From Uber drivers in the United Kingdom to delivery couriers across Latin America, platform workers have challenged erosion of social protection through legal actions, collective organising, and public protests. For gig workers, benefits such as holiday pay, sick leave, and income stability are reframed as discretionary incentives rather than fundamental and enforceable rights. This is not a side effect but a defining feature of platform capitalism.
A pivotal struggle took place in Indonesia. Ride-hailing drivers demanded the Religious Holiday Allowance (THR), a legally mandated annual bonus equivalent to one full month’s wage for formal workers. When faced with this demand, the government and platform companies introduced the Religious Holiday Bonus (BHR), a non-binding, voluntary, and tiered payment.
The BHR, framed as a ‘voluntary bonus,” institutionalises a parallel, diluted welfare regime that preserves platform control and worker exclusion, normalising precarity through regulatory design.
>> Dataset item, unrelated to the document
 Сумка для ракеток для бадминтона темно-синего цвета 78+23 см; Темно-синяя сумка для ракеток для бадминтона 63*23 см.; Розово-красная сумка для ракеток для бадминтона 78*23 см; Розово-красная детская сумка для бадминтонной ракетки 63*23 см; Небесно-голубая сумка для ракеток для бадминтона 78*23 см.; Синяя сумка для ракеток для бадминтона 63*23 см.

By situating this struggle within global debates on platform misclassification and precarity, it is clear that the fight is not merely for an extra payment but a broader political confrontation over worker classification, state responsibility, and the meaning of enforceable social rights in the platform economy. These struggles reflect a broader transnational contestation of the future of work and social contracts in the digital economy.
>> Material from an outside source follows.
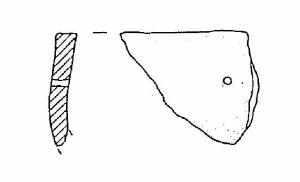 Scodella a profilo continuo, con orlo piatto, corpo semisferico, un foro passante posto diciotto mm sotto l'orlo. Colore grigio.

The Radical Origin of Religious Holiday Allowances (THR)
In Indonesia, the religious holiday allowance occupies a distinctive place in the country’s labour protection regime. Unlike most countries, where holiday pay is tied primarily to annual leave or collective agreements, the religious holiday allowance is a legally mandated non-wage income paid in cash to workers ahead of major religious holidays.
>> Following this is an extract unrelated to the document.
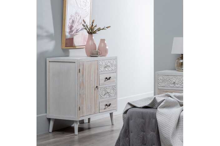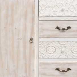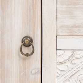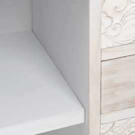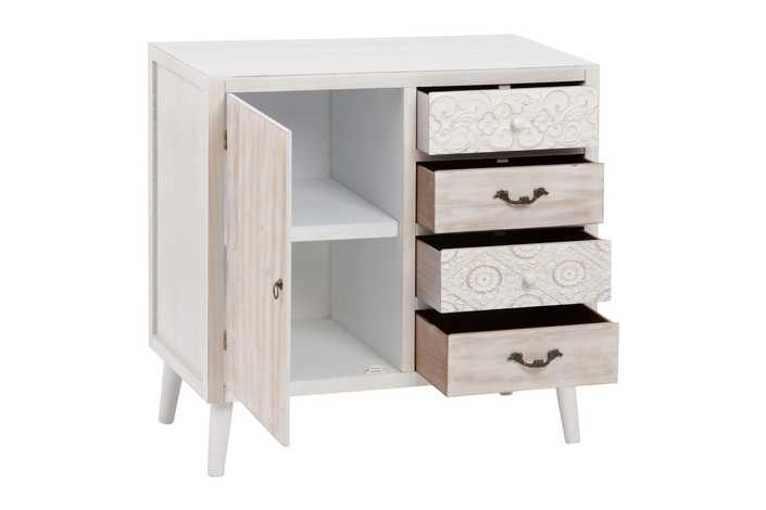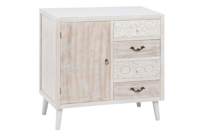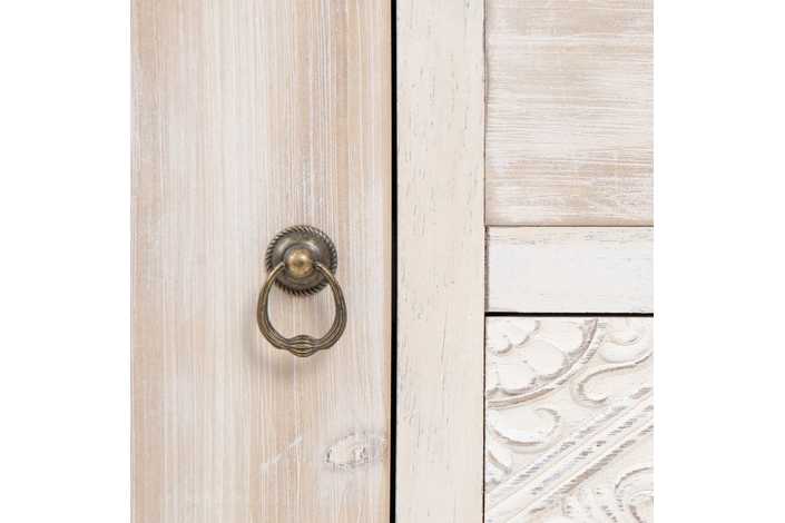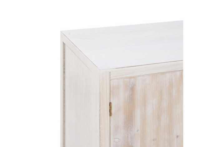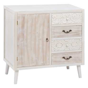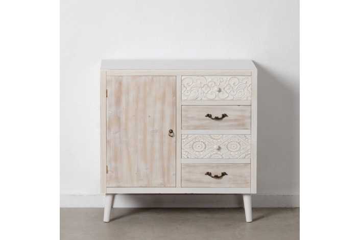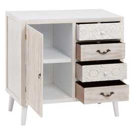 Material: estructura principal madera de abeto - resto Dm. Altura patas: 15cm. Medida cajones: 35,5x12,5cm. Medida puerta: 35.5x57.5cm. Leja interior: huecos de 37x30cm. Patas para montar.

The religious holiday allowance is culturally and legally significant in the country. It functions not merely as an economic supplement but as a mechanism that recognises religious observance, social reproduction, and workers’ dignity within Indonesia’s plural religious context. It is a social institution tied to religious celebrations, family life, and communal obligations.
Historically, religious holiday allowances were not automatic entitlements. Their origins can be traced back to labour struggles in the early post-independence period, particularly in the 1950s, when workers demanded holiday allowances beyond the civil service. During the 1950s, sustained collective action by trade unions, combined with ongoing political negotiations, gradually transformed the religious holiday allowance from a discretionary benefit into a universal labour norm for formal-sector workers.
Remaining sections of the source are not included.